Nur nicht zusammenbrechen

Roland Emmerich und der »absolute Katastrophenfilm«

  • Lesedauer: 3 Min.
Nach »Independence Day« und »The Day after Tomorrow« lässt Roland Emmerich einmal mehr die Welt untergehen. Ausgangspunkt von »2012« ist das Ende des Kalenders der Maya am 21. Dezember 2012. Dann stehen die Planeten in einer Konstellation, die den Erdkern schmelzen lassen und zu Verschiebungen der tektonischen Erdplatten führen. Nur ein kleiner Teil der Menschheit kann in acht gewaltigen »Archen Noah« überleben. Natürlich nur die wichtigsten Regierungschefs und Menschen, die eine Milliarde Dollar für den Fahrschein haben.

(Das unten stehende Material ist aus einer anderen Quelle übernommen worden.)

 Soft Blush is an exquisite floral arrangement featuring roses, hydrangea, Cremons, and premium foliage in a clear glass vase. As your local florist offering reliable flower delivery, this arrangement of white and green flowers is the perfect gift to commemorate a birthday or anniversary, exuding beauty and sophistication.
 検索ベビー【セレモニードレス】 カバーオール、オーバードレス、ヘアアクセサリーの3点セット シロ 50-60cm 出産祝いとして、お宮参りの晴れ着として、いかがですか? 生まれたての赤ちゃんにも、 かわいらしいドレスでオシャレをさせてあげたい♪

ND: Warum sind Katastrophenfilme beim Publikum so erfolgreich?
Emmerich: Weil sie da Dinge sehen können, die sie noch nie gesehen haben und die sie nie erleben wollen. Der 11. September 2001 hat die Türen noch weiter geöffnet. Im Zentrum der Filme stehen normale Menschen, Menschen wie du und ich. Das schafft ein Gefühl der Gemeinschaft. Für einen Filmemacher ist das relativ einfach. Ich kann sehr viel machen, und das Publikum weiß nie, wer am Ende überlebt. Ich kann mir aussuchen, wen ich plötzlich sterben lasse und wen nicht.

Sie wollten etwas machen, »was nicht mehr zu überbieten ist: den absoluten Katastrophenfilm«. Besser, größer als alles Bisherige. Was hat der Weltuntergang gekostet?
200 Millionen Dollar. Bei einem anderen Regisseur wären es mindestens 250 gewesen. Die Studios, in diesem Fall Sony, schätzen meine Sparsamkeit und geben mir alle Freiheiten und Rechte. Niemand durfte uns dreinreden. Das fand ich recht cool.

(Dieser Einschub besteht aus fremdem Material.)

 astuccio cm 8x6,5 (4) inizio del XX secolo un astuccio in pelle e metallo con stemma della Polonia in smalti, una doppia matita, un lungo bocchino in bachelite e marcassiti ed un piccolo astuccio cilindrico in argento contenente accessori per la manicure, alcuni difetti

Wissen Sie schon, wo Sie sich am 21. Dezember 2012 aufhalten werden?
»2012« ist Hollywood-Entertainment. Ich möchte mit meiner Familie und allen Menschen, die ich liebe, zusammen sein und ein schönes Weihnachtsfest feiern. Ich hoffe, dass ich nicht schluchzend zusammenbreche, wenn sich dann das, was ich im Film zeige, wirklich ereignet.

Sie glauben also nicht, dass die Welt wirklich 2012 untergehen könnte?
Wenn sie untergeht, dann eher durch unsere permanenten Umweltsünden. Oder ein Idiot wirft wirklich eine Bombe. Der in Nordkorea zum Beispiel oder aus Teheran.

Sie lassen Los Angeles, Hawaii, Washington, Rio und Rom untergehen. Sie zeigen auch die Pilger in Mekka, aber bevor auch der Kaaba Unheil geschieht, blenden Sie aus?
Daran erkennen Sie den Zustand dieser Welt. Ein paar fanatische Muslime schaffen es, dass ein westlicher Mensch etwas völlig Natürliches lieber nicht zeigt.

Ihr erster Film war das »Arche Noah-Prinzip«. Schließt sich da ein Kreis?
Hier mache ich die Rolle rückwärts, und es geht wieder um Archen. Was, fragten wir uns, muss passieren, damit wirklich fast überall Wasser ist? Und dann ging es um Dinge wie: Wer ist Gott? Wer ist Noah?

Haben Sie eine Antwort gefunden?
Gott ist die Wissenschaft, die die nahende Katastrophe vorhersagt. Und Noah? Das sind die Regierenden dieser Welt. Rund um sie haben wir die große Menge der Unwissenden, zu denen auch ich gehöre. Genauso wie Kaliforniens Gouverneur Arnold Schwarzenegger.

Und die deutsche Regierungschefin. Sie ist bei Ihnen eine Frau, die lange keine Meinung hat und sich dann der Mehrheit anschließt. Ein boshafter Querschuss auf Angela Merkel?
Aber nein … Ich habe auch optische Ähnlichkeiten vermieden. Wenn die Auserwählten die Arche betreten, dann ist nur die englische Queen relativ erkennbar. Die Italiener etwa haben mir vorgeworfen, dass ihr Regierungschef nicht wie Berlusconi aussieht. Natürlich nicht, denn der echte, glaube ich, würde schnell öffentlich beten und dann das erste Flugzeug nach Asien – wo die Archen ankern – besteigen.